The Allure of the Archives

Sandy Bay Historical Society
Winter being the perfect season to deepen my knowledge of Halibut Point inside cozy research facilities, I made my way over to the Sandy Bay Historical Association (SBHS) which aims to gather all things memorable in Rockport (Sandy Bay). 
Judy Bogage
Volunteer Judy Bogage is there to welcome visitors and help with organizational chores at the Museum.
Les Bartlett
Upstairs, Les Bartlett is scrutinizing glass plate negatives from bygone eras, bringing his photographic expertise to curatorial improvements of the collections, and finding gems for his in-depth publications of local history. 
As a newcomer to this den of antiquity I find myself tip-toeing through rooms and corridors as though they contain elements of a sanctuary, or delicate furnishings, or sleeping secrets, all of which, come to think of it, seem to define the place. There's a sense of anticipation that something unknown might be knowable, that our predecessors left us clues, that experiencing the past sympathetically can be interesting or even enlightening. 
Last year Yale University Press published The Allure of the Archives.
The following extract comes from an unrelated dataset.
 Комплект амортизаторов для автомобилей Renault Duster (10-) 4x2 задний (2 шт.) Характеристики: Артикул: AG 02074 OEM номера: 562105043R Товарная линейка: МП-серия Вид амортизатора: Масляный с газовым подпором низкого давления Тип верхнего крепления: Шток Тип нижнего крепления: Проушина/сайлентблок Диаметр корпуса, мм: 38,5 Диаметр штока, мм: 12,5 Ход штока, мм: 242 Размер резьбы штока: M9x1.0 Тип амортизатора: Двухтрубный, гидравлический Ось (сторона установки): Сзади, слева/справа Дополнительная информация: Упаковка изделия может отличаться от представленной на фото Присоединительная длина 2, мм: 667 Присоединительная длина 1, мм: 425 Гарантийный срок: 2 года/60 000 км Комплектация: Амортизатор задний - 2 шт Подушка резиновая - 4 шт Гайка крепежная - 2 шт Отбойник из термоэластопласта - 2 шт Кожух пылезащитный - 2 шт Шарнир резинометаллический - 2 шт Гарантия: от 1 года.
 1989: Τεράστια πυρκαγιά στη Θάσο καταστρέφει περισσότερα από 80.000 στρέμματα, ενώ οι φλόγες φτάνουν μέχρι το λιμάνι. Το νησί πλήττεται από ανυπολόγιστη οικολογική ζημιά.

In titling their translation of a 1989 French classic by Arlette Farge they tease us about the sensual aura of intimacy with ancient voices and manuscripts.  Says the Barnes and Noble review of the book, "Farge’s classic work communicates the tactile, interpretive, and emotional experience of archival research...and an elegant literary reflection on the challenges of writing history." I anticipate the pleasure of those pages.
A constant marvel among archivists is the preservation of free working space. That challenge may be nearly as daunting as preserving the collections themselves. When I heard that SBHS received the research notes that Allen Chamberlain bequeathed to the [Pigeon Cove] Village Improvement Society, for his 1940 masterpiece Pigeon Cove 1702-1840, research director Gwen Stephenson managed to create a spot for investigation.

Gwen Stephenson
examining Allen Chamberlain's notes
Pigeon Cove is the colonial fishing/farming village that grew up to sustain the granite quarrying industry and the summer visitor recreations. At its northern tip Halibut Point retains experiential access to these dramas of geography and history. Allen Chamberlain's narrative, map and accompanying photographs document the  early settlement on which this activity is based.
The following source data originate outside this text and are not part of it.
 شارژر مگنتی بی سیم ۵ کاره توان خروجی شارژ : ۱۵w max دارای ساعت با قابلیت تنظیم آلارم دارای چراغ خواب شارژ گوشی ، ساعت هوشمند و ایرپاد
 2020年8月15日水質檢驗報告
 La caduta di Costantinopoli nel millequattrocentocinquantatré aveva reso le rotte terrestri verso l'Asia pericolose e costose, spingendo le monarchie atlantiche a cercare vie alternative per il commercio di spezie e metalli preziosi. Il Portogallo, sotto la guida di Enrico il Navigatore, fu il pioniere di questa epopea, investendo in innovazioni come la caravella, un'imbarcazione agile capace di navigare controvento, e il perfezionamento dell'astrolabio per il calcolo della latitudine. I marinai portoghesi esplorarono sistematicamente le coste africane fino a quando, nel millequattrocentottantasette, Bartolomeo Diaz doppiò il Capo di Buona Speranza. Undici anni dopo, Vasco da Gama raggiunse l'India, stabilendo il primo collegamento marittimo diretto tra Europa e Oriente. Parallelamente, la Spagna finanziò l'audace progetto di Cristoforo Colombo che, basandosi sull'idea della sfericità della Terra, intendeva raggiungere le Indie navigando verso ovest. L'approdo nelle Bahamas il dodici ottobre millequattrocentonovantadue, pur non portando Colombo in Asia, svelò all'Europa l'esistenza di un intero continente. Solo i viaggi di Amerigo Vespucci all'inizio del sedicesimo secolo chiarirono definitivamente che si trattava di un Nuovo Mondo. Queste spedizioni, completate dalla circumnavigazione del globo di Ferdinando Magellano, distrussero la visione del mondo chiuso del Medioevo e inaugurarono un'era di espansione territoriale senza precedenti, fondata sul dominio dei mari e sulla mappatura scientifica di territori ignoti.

Inside two storage boxes are field notes in his hand collating deeds, charts, surveys, sketches, and letters. There is correspondence with sources and keen collaborators. For someone able to sit quietly with the pages, the excursions and processes of Chamberlain's journey generate an inspired saga of their own. As a glimpse into genius, observes Les Bartlett, it's akin to looking at the annotated musical manuscript of a great composer.
"Hallowboat Point"
Chamberlain had been able to discover, and type up this transcript from the 1798 American Coastal Pilot, showing an intriguing name for my focal landform: "Hallowboat Point." It's the only such spelling I've been able to find through internet research. Can it allude to "Sacred Boat Point?" Tantalizing.